- **Instructions for the task**
Print the lines in the listing below that fall between the line with "SERVIZIO DI 82" and the line with "Фашисты были уверены, что", those two lines included, exactly as they stand and with nothing else.

- **Record set**
>>
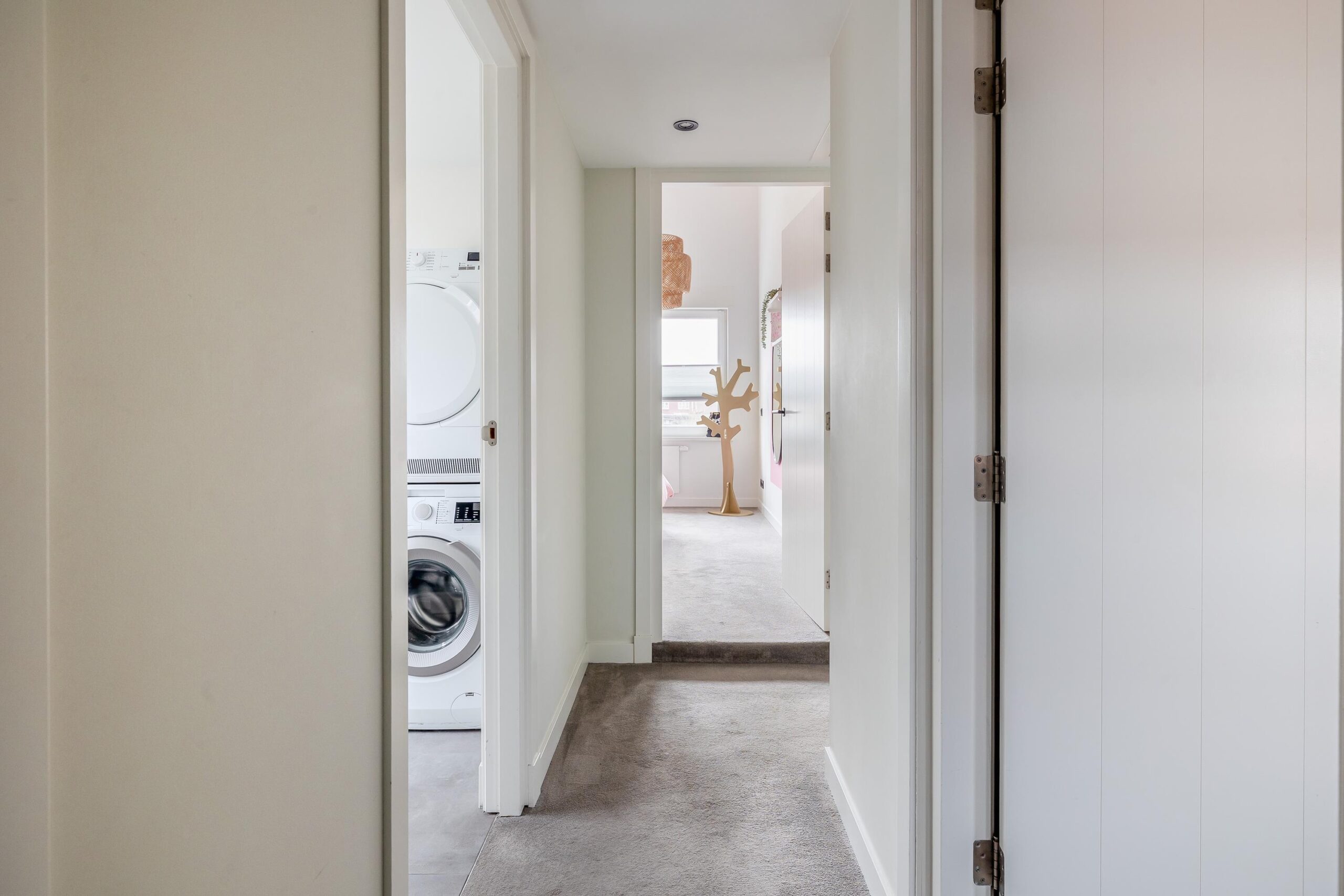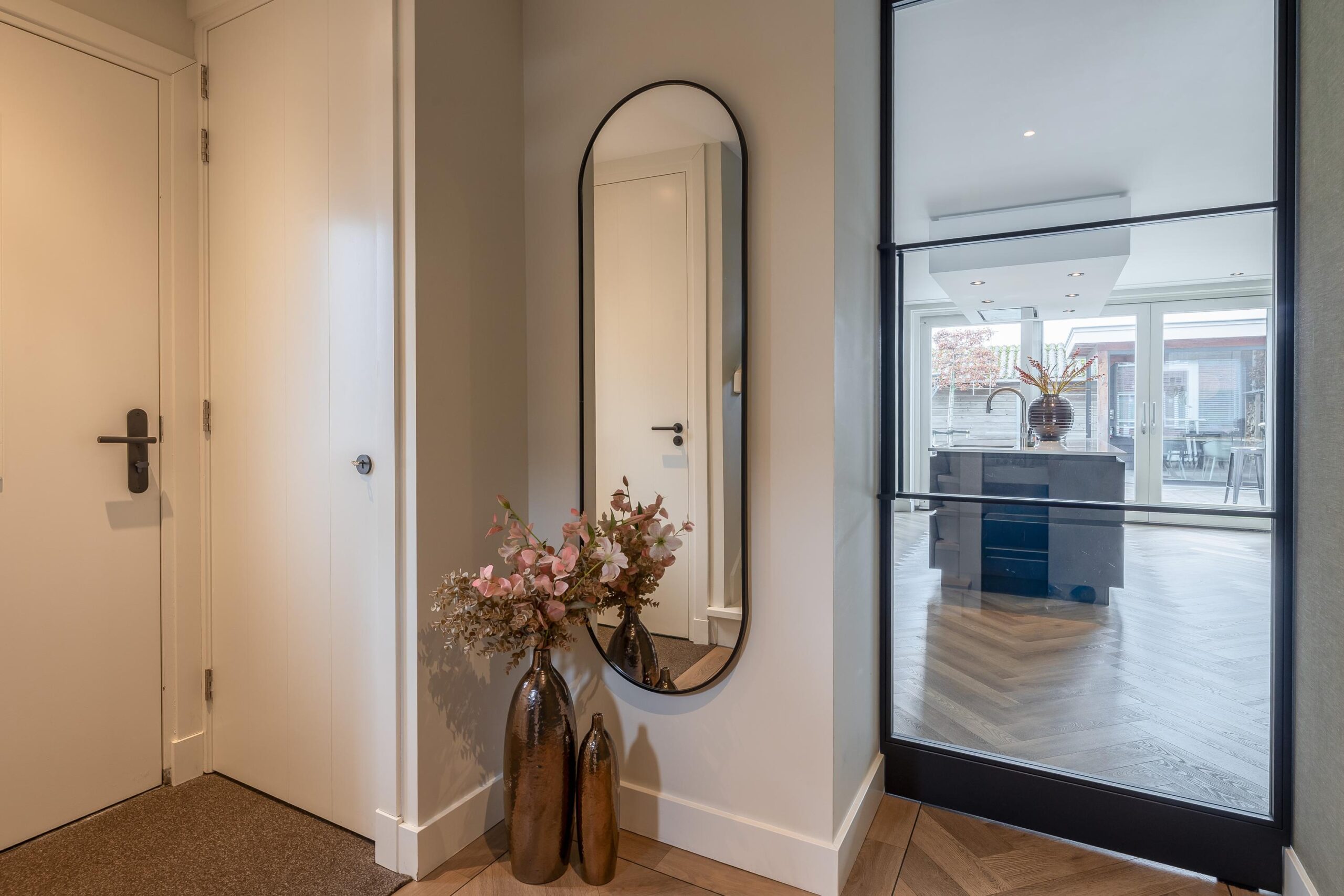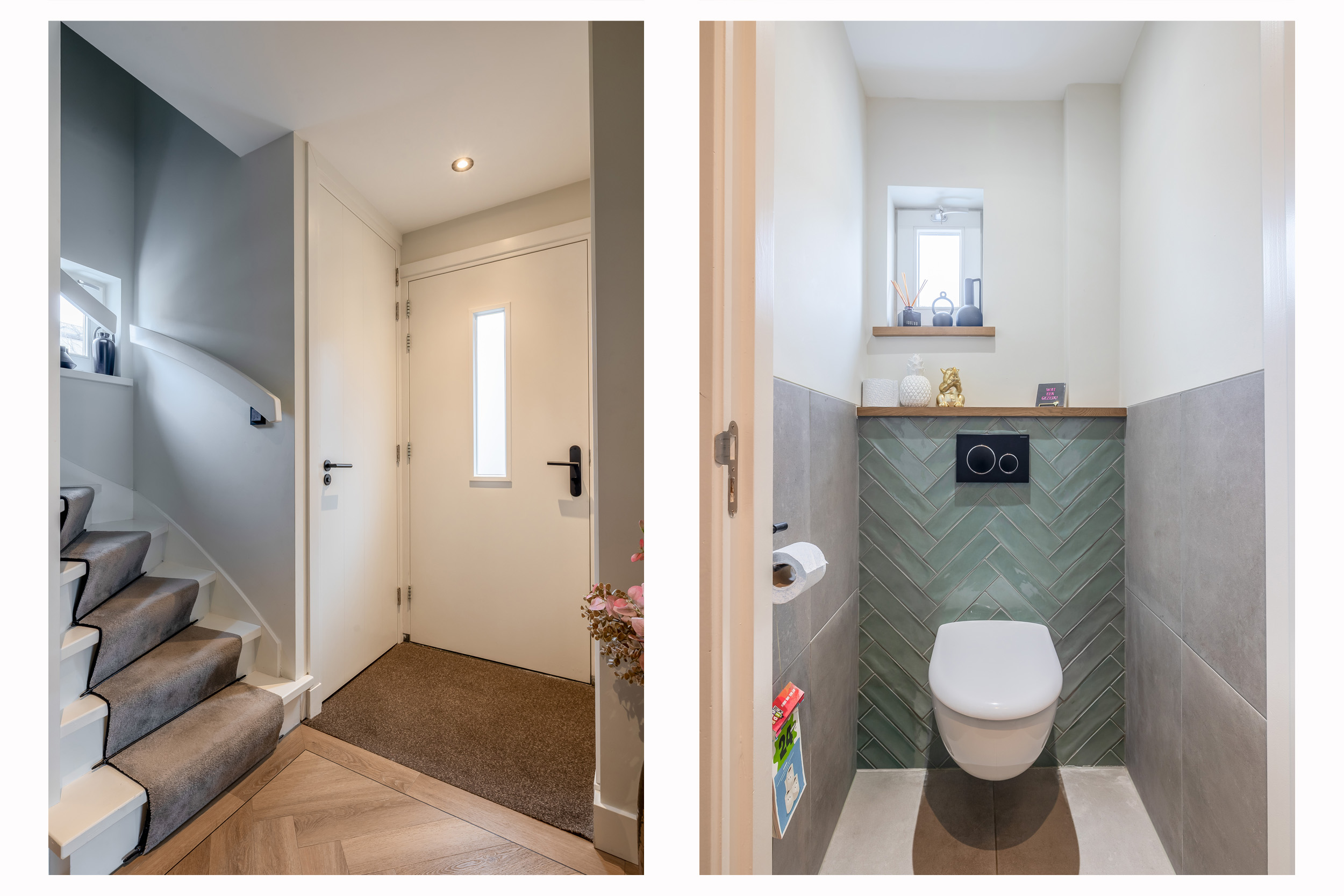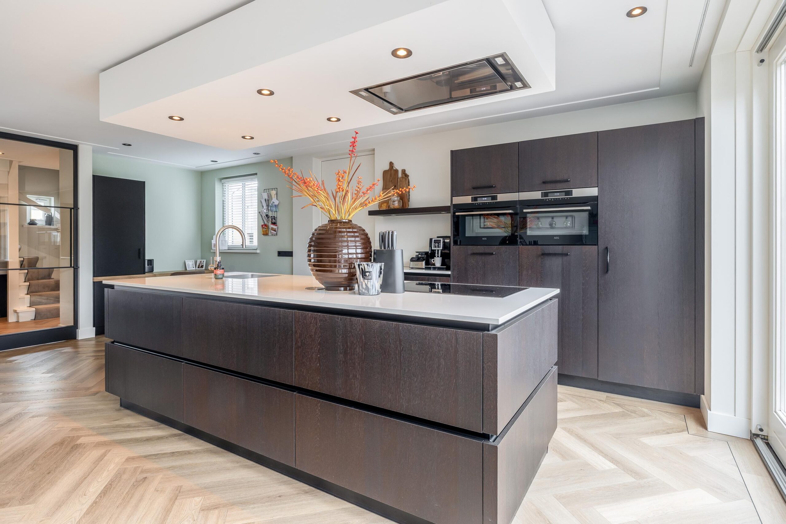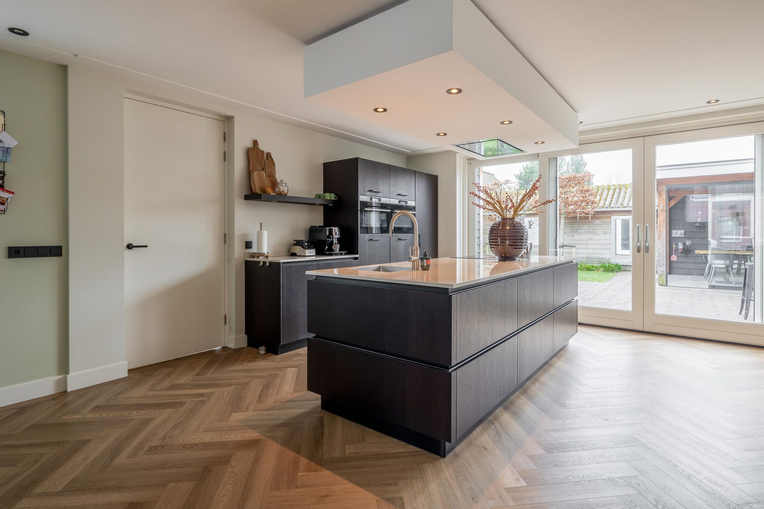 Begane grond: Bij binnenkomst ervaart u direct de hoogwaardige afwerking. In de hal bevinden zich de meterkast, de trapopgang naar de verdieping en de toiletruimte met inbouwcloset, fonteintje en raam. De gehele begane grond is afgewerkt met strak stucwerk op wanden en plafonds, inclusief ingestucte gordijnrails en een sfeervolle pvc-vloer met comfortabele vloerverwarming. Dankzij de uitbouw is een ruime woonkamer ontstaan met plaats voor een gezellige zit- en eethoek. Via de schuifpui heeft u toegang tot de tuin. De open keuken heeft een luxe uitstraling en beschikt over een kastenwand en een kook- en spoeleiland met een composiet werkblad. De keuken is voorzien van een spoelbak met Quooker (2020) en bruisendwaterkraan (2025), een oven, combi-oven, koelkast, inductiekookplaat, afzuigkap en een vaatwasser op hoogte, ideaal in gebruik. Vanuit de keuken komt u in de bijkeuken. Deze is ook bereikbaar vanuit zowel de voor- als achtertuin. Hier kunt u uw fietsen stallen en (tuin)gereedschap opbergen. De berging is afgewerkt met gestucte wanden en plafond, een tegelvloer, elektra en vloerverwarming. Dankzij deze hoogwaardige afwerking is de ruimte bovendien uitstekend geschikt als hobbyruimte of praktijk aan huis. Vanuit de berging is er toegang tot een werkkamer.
<<
>>
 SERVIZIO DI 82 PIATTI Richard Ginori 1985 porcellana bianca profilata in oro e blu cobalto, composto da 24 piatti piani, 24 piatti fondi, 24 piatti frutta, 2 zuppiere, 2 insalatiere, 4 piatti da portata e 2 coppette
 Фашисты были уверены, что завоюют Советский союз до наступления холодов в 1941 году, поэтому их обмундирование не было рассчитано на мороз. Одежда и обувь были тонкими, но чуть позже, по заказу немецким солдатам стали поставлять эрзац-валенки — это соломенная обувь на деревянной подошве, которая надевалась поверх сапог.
<<
- **Task solution**
 SERVIZIO DI 82 PIATTI Richard Ginori 1985 porcellana bianca profilata in oro e blu cobalto, composto da 24 piatti piani, 24 piatti fondi, 24 piatti frutta, 2 zuppiere, 2 insalatiere, 4 piatti da portata e 2 coppette
 Фашисты были уверены, что завоюют Советский союз до наступления холодов в 1941 году, поэтому их обмундирование не было рассчитано на мороз. Одежда и обувь были тонкими, но чуть позже, по заказу немецким солдатам стали поставлять эрзац-валенки — это соломенная обувь на деревянной подошве, которая надевалась поверх сапог.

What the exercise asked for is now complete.